*DATASET CONTENT*
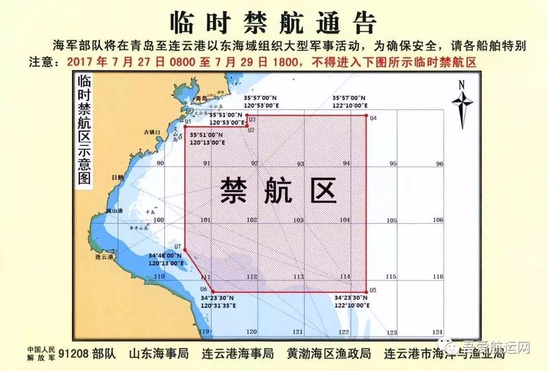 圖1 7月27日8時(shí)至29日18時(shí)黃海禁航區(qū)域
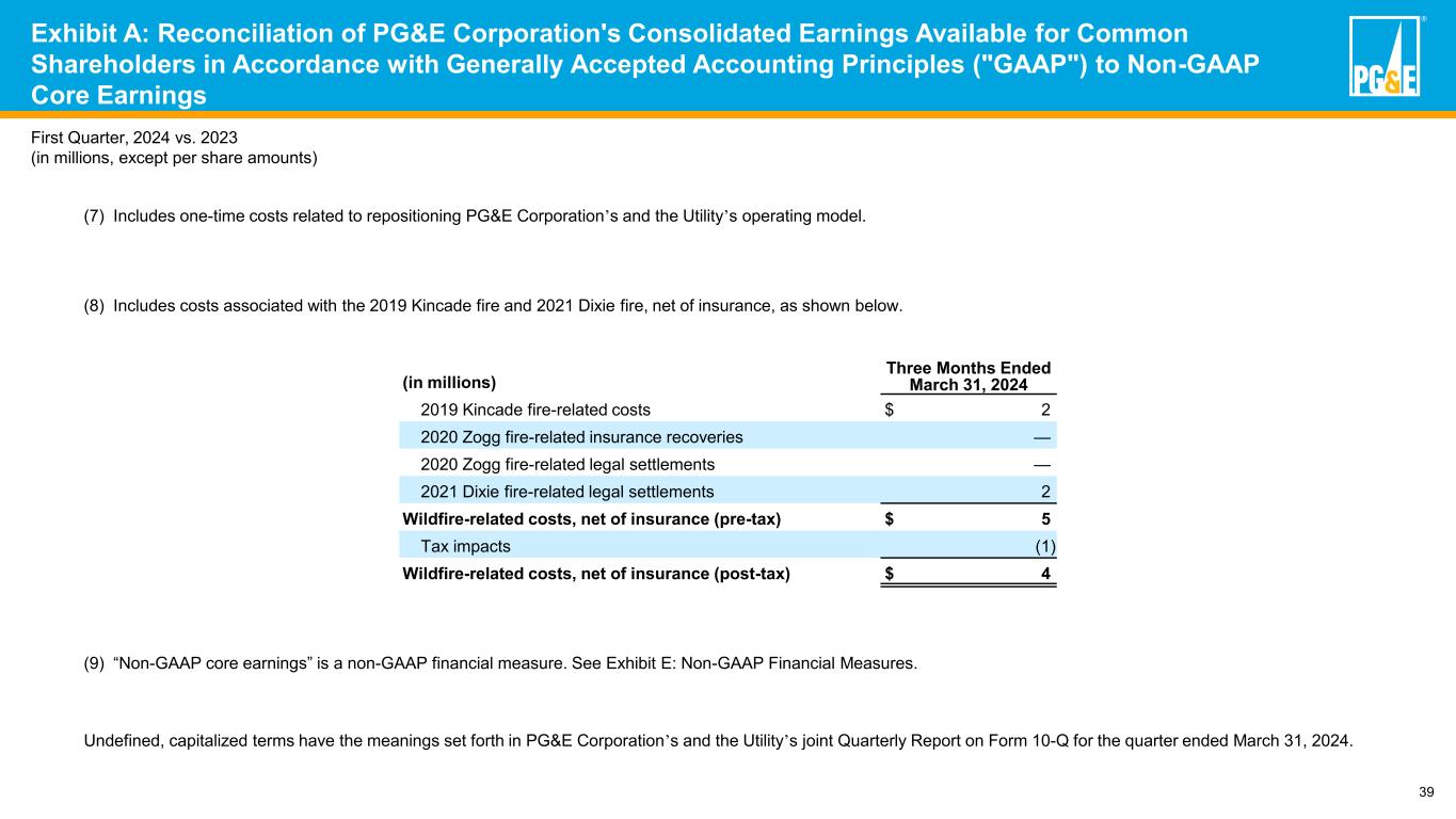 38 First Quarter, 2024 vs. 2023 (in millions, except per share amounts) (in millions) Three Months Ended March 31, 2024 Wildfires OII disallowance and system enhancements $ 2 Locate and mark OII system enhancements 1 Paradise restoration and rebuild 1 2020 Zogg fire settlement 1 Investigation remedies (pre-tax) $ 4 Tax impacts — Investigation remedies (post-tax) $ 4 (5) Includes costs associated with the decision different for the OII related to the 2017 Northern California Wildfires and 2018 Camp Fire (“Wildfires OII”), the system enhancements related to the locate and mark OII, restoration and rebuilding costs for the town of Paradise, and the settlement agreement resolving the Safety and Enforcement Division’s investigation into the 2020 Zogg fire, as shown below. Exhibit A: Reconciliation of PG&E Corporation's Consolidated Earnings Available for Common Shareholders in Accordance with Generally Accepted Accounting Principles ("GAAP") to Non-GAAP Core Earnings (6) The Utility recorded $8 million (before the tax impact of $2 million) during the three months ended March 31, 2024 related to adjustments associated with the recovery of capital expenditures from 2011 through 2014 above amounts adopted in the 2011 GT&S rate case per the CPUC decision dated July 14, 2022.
---
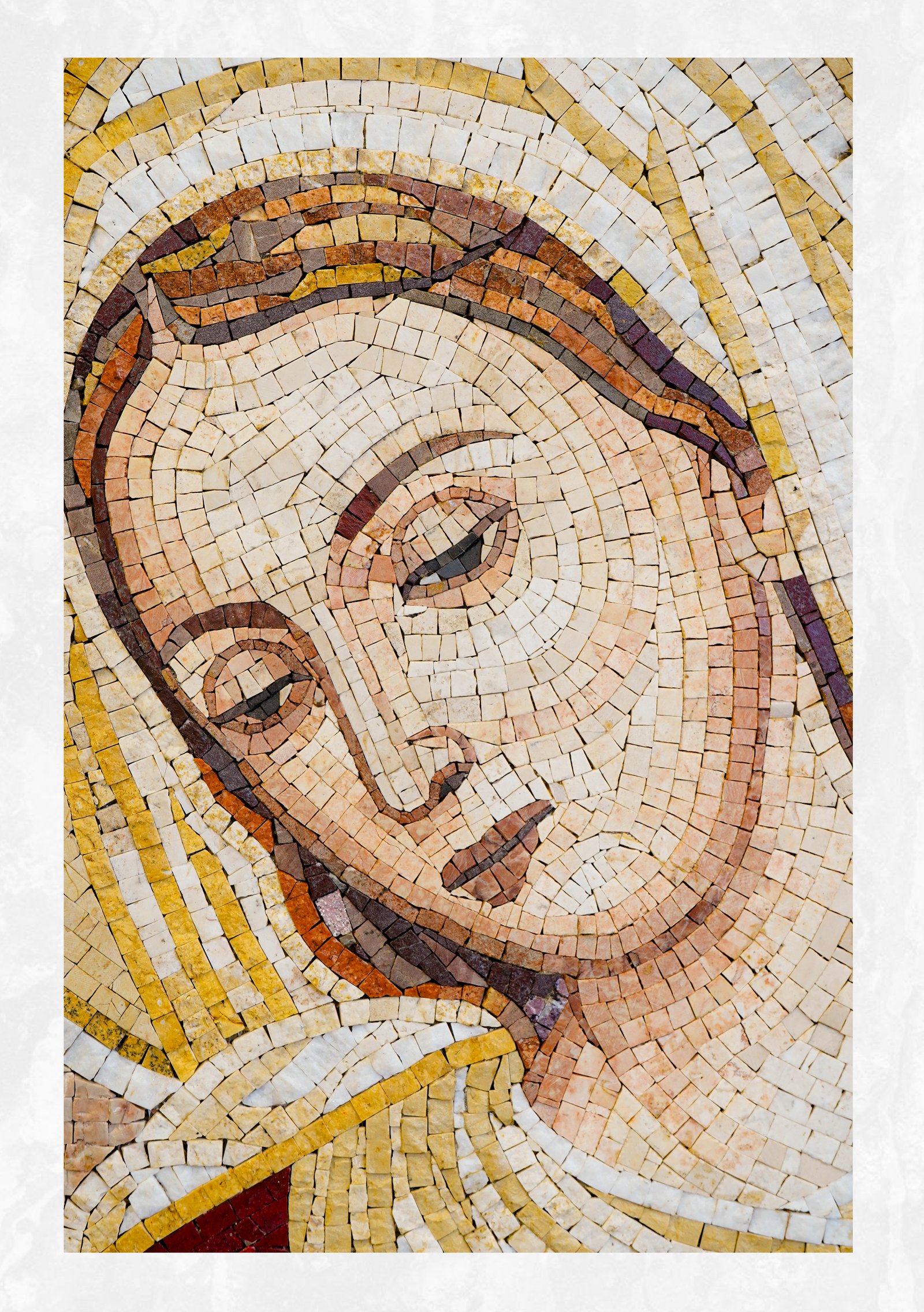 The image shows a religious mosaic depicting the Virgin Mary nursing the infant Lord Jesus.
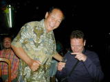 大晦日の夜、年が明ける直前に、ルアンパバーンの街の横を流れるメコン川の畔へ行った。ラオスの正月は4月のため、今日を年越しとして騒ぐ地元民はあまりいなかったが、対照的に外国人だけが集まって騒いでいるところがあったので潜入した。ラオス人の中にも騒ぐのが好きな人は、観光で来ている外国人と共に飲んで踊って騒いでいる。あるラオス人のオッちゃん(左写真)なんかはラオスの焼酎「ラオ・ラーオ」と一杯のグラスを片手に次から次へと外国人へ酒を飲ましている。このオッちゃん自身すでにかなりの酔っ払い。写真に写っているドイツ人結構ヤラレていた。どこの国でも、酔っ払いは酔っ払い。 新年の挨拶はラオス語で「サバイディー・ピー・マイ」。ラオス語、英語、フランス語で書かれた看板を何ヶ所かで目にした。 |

*WHAT IS BEING ASKED*
Range to copy from the listing above: the line with "圖1 7月27日8時(shí)至29日18時(shí)黃海禁航區(qū)域" through the line with "38 First Quarter, 2024". Transcribe it exactly and skip the pictures.

*EXERCISE RESPONSE*
 圖1 7月27日8時(shí)至29日18時(shí)黃海禁航區(qū)域
 38 First Quarter, 2024 vs. 2023 (in millions, except per share amounts) (in millions) Three Months Ended March 31, 2024 Wildfires OII disallowance and system enhancements $ 2 Locate and mark OII system enhancements 1 Paradise restoration and rebuild 1 2020 Zogg fire settlement 1 Investigation remedies (pre-tax) $ 4 Tax impacts — Investigation remedies (post-tax) $ 4 (5) Includes costs associated with the decision different for the OII related to the 2017 Northern California Wildfires and 2018 Camp Fire (“Wildfires OII”), the system enhancements related to the locate and mark OII, restoration and rebuilding costs for the town of Paradise, and the settlement agreement resolving the Safety and Enforcement Division’s investigation into the 2020 Zogg fire, as shown below. Exhibit A: Reconciliation of PG&E Corporation's Consolidated Earnings Available for Common Shareholders in Accordance with Generally Accepted Accounting Principles ("GAAP") to Non-GAAP Core Earnings (6) The Utility recorded $8 million (before the tax impact of $2 million) during the three months ended March 31, 2024 related to adjustments associated with the recovery of capital expenditures from 2011 through 2014 above amounts adopted in the 2011 GT&S rate case per the CPUC decision dated July 14, 2022.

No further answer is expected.